En 2024, la Commission a publié un rapport préparé par un réseau indépendant d’experts. Ce rapport, intitulé « le Cadre légal du combat contre la haine envers les musulmans dans l’UE», documente la jurisprudence, y compris en ce qui concerne les femmes musulmanes dans le monde du travail. Cet état des lieux est important.
En 2024, avec le réseau Equinet, j’ai rassemblé les organismes de promotion de l’égalité dans les États membres afin de discuter des discriminations envers les musulmans et en particulier, celles envers les femmes musulmanes.
Un des enseignements clés a été qu’un grand nombre de juridictions nationales et internationales acceptent l’argument de la neutralité qui peut avoir des conséquences sur les femmes musulmanes travaillant dans le secteur public ou privé. Dans ce contexte, même si le contentieux stratégique peut être utile, de nombreux participants ont proposé d’encourager des employeurs à trouver des solutions innovantes et volontaires d’aménagements raisonnables : cela peut être utile a des personnes pratiquant une religion, mais également d’autres groupes avec des contraintes similaires.

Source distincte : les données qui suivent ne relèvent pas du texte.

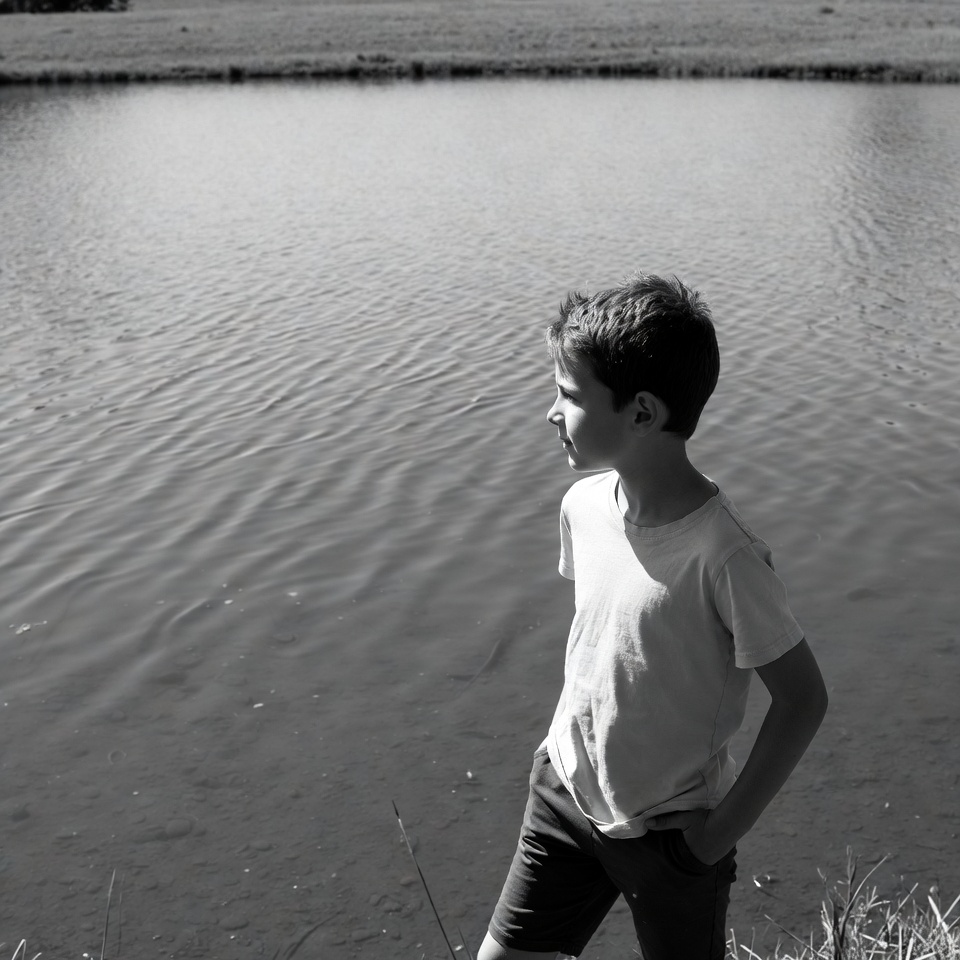 A young boy with short hair stands in profile by a calm lake, wearing a white t-shirt and dark shorts. He has his hands in his pockets and gazes toward the water. The scene is in black and white with grassy fields in the background.

Cela peut s’appliquer par exemple aux restrictions alimentaires, un lieu de prière ou de méditation ou le besoin d’horaires de travail flexibles.
Dans ce même esprit, la Commission a mis en place une plateforme de l’UE des chartes de la diversité qui permet d’aider les organisations du secteur public et privé à concevoir et mettre en œuvre des politiques efficaces de diversité et d'inclusion.
Enfin.. Comment renforcer la confiance entre les institutions européennes et les citoyens musulmans?
Diverses études démontrent un problème de confiance des citoyens musulmans envers les instances et autorités nationales en charge de l’enregistrement des crimes de haine ou de cas de discriminations envers les musulmans. Un grand nombre semble penser que porter plainte n’aura pas de conséquences.
Cependant, selon la dernière étude de l’agence des droits fondamentaux de l’UE, les musulmans d'Europe affichent une confiance globalement forte envers les institutions démocratiques et le système judiciaire, malgré des expériences répandues de discrimination et de racisme.
À ma connaissance, il n’y a pas d’étude concernant la confiance des citoyens musulmans envers les institutions européennes. À mon sens, il est important de poursuivre les efforts des instituions européennes pour lutter contre la haine envers les musulmans pour montrer que cette expérience est bien prise en compte. Comme l’a démontré notre récente réunion de coordination de mai 2026, il est crucial de renforcer la participation active de citoyens musulmans aux initiatives locales, nationales et européennes, en se focalisant en particulier sur la jeunesse.
Les institutions européennes et en particulier la Commission offrent de nombreuses opportunités aux concitoyens musulmans de participer activement à la construction du projet européen. Par exemple, tous les citoyens sont invités à participer à des consultations pour la préparation de stratégies et pour la mise en œuvre de nombreuses initiatives. C’est une chance à saisir pour faire entendre la voix de tous et toutes.